Nobody seems to be posting about WT but anyway Chapter 116


*Spoiler*: __ 



Seems like Hyuse is going to join them now and maybe Osamu will get pushed to an operator.


----------



## $Kakashi$ (Mar 18, 2016)

Currently on chapter 20

Does Osamu ever get Gud? 

Edit: on chapter 40, apparently not. 

Edit 2: on chapter 82, I guess he got a little stronger, but he feels like the Krillin of the series.


----------



## -Ziltoid- (Mar 18, 2016)

I wonder... how many people still care about this story?


----------



## Pliskin (Mar 18, 2016)

-Ziltoid- said:


> I wonder... how many people still care about this story?



I do. The story is slow as fuck and the artsstyle is terrible at expressing any emotions except smug indifference on all faces, but on the upside it is a pure battle manga that feels different and has many many unique elements. The MC  being the TenTen of this story surrounded by people who would give the 'I R more special than you' speech in most other shounen being  on of these differences.


----------



## -Ziltoid- (Mar 18, 2016)

Pliskin said:


> I do. The story is slow as fuck and the artsstyle is terrible at expressing any emotions except smug indifference on all faces, but on the upside it is a pure battle manga that feels different and has many many unique elements. The MC  being the TenTen of this story surrounded by people who would give the 'I R more special than you' speech in most other shounen being  on of these differences.



Hmm. I partially agree. The MC is unusual for shonen standards. Unusual to the degree that he's almost too bland and uninteresting. What truly irks me in WT, however, is the lack of any real consequences. It's all just fake battles. Winning or losing barely matters, as they have 'bail out' anyway. It being a battle manga, I think it is incredibly disappointing that they took away the tension of battle, what should've been the main focus of the manga. 

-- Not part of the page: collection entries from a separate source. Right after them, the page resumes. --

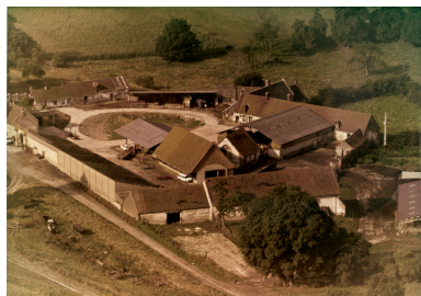
Vue aérienne de la ferme, deuxième moitié du XXe siècle (coll. part). IVR32_20258000220NUCA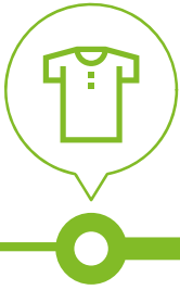
Garment May mặc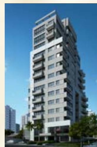
Smart Office - Alphaville/SP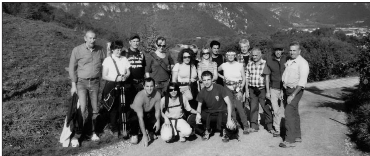
Gli escursionisti del C.A.I. di Montichiari nell'ultima uscita della stagione.

Then again, perhaps there'll be some tension of these endless mock battles end. I suppose I'll just scan through the chapters, not giving a damn about the long-winded explanations of things that don't matter, until the plot _finally_ starts to move again. 

Shame, because WT had much more potential early on.


----------



## Gavrilson (Apr 3, 2016)

First of all disappointed of taking the tension of battle? When there is tension in battle is more talking like in Naruto and Dragon Ball Z , they talk more than fight which does bring being hyped but the thing is that ruins the whole episode in manga , whatever.

The anime is cool itself because of there is a lot of strategy in their fight in other words they show how teams are getting ready for the fight before to start(plan) what would fit for the enemy to get be weak. Let's not forget that it has fun like they make those kawaii faces on the character or the guy from Tamakoma Branch called Kyosuke Karasuma that everytime lies to Konami and looks serious when he is saying it which brings laughs for the audience.

But the last episode is cruel very cruel. They decide to stop the anime for a while and start with a second season. Also said that the Tv Block Anime Post that was set for WT is chaning into a Sport Program which is very sad to hear , and it comes that randomly which we didn't expect. People are getting worried that they don't know what is going to happen to WT but i hope is going to come back.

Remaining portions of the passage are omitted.